So we got thinking… If people are used to physical slideboxes, why not just make a virtual slidebox? This is exactly what PMA.slidebox is and does!

PMA.slidebox, like all our software, relies on PMA.core. It means that you can use all the great features of PMA.core (different root-directories, access control), without having to explain it to your audience.

All your audience sees, without to register or login or need to install or download anything (zero footprint) is this:

So how does it work? PMA.slidebox shows up to four collections in the top-left corner of the screen (screenshot only shows three). When you select a collection, you see the “cases” appear underneath it, along with the slides for each “case”.

We put the word “case” between quotes deliberately because you don’t have to set it up this way. You can have a simple list of slides without any hierarchy or structure to it, and PMA.slidebox will pick it up. Similarly, if you only have a couple of cases, you could turn those into individual collections, and present them as such.

What you want to show and how you want to show it is completely up to you. It’s just like a real slidebox: you put the slides in that you want, and you organize them the way you want them, too.

Want to give it a go yourself? Here’s an example how such a virtual slidebox works in practice: http://host.pathomation.com/p0022_slidebox/

Configuration

PMA.slidebox is flexible. It is hosted on a website, somewhere (can be on your infrastructure, or on ours).
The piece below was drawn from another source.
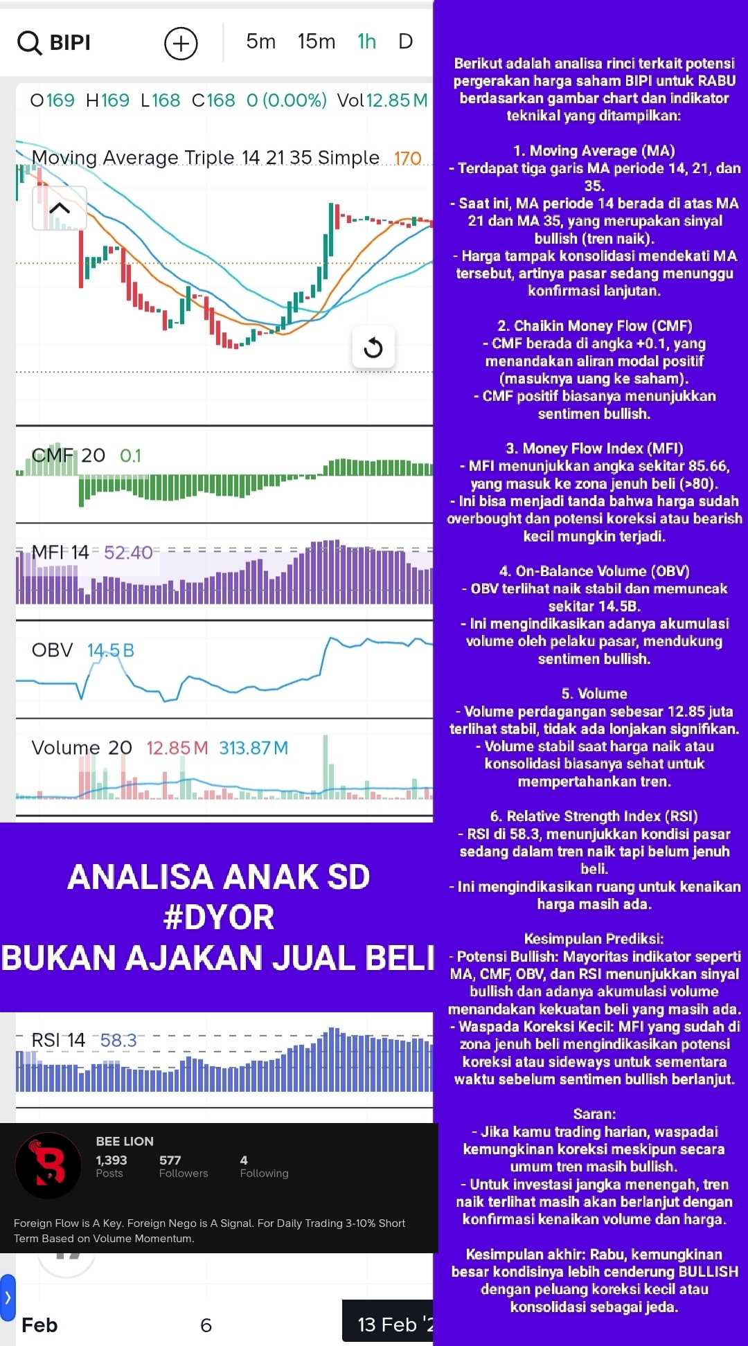 Berikut adalah analisa saham $BIPI untuk Rabu Tel:

If you don’t have PHP, we can configure it for you; but if you do, you can configure everything by yourself via a configuration panel.
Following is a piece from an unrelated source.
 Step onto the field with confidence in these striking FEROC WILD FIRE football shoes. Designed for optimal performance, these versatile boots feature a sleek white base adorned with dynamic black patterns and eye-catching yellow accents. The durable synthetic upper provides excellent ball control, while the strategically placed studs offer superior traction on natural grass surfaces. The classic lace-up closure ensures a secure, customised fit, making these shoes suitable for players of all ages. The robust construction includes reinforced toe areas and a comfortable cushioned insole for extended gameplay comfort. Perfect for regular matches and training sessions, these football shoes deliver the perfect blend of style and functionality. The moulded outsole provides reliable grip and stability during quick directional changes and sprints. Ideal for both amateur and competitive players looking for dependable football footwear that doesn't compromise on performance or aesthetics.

What you first need to do is decide how you want to have everything structured. You can build a hierarchy of up to three deep, with the following levels:

As you have only 4 cases in the above screenshot, you could simplify your hierarchy like this:

While PMA.slidebox is flexible, we should point out that it is necessary to have some kind of hierarchy at least. You cannot just dump all your slides into a single folder and expect the software to figure it out from there.

Note: if you do have large repositories of slides, and you want structured case creation and organization, you should have a look at PMA.control.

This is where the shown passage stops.